Critically, a person’s character is seen as unchanging. Lakoff writes that this “metaphor of Moral Essence is a significant part of our moral repertoire . . . and it is used by liberals and conservatives alike.”4 This justifies an increasingly harsh system of criminal injustice and a writing off of “people who for one reason or other — inability to find a job, old age, disability, racism, sexism, drug addiction — have been unable to cobble together the means to support themselves.”5 Indeed, Arthur Delaney and Ryan Grim write that prior to the institution of Social Security, poor people and convicts were often mixed together and treated alike.6

So there is an irony in that on New Year’s Eve, I find myself reading a book a friend lent me—one I should probably add to my library.
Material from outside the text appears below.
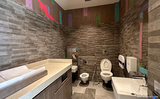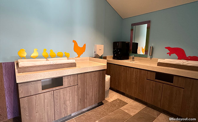 For nursing mothers and children who need their diapers changed, there is a diaper changing room at the lower level, close to the Splish Splash water play area.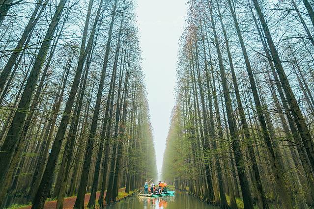小火车下了站,便要乘坐竹筏游览这里最富盛名的“一线天”景观,5000多亩的水杉林、3000多亩的芦苇荡,我们去的时候是四月初,相信这里到了六七月份郁郁葱葱的绿树茂盛的生长起来的时候,一定会更美!

It’s an old book, dating from the 1950s, Cosmos and History by Mircea Eliade.7 Because chapter two is about what the New Year fairly universally meant to what Eliade calls “archaic” societies.

This apparently is a time of re-creation, the transformation of chaos into order, a time before which people celebrated and were in fact allowed to get a little out of hand because the new year was a new start—a redemption, sometimes accomplished through the driving out of a scapegoat, sometimes recognized with a return of the dead who were then driven out.8

This is a time to remember, but also a time to forgive.

Instead, we have become a very unforgiving society—at least for anyone who is not among the powerful—as our increasingly punitive attitudes towards the poor and those we label as criminal indicate. We might want to think again about that: poverty is on the increase9 and the gap between rich and poor is widening.10 In combination with our treatment of so-called “illegal” immigrants and with our treatment of Muslims, it is in fact not inappropriate to remember Martin Niemoeller’s famous words:

In Germany they came first for the Communists, and I didn’t speak up because I wasn’t a Communist. Then they came for the Jews, and I didn’t speak up because I wasn’t a Jew. Then they came for the trade unionists, and I didn’t speak up because I wasn’t a trade unionist. Then they came for the Catholics and I didn’t speak up because I was a Protestant. Then they came for me, and by that time no one was left to speak up.11

“They” are in fact coming for more and more of us, as more and more of us are driven to desperation. It is time to start again.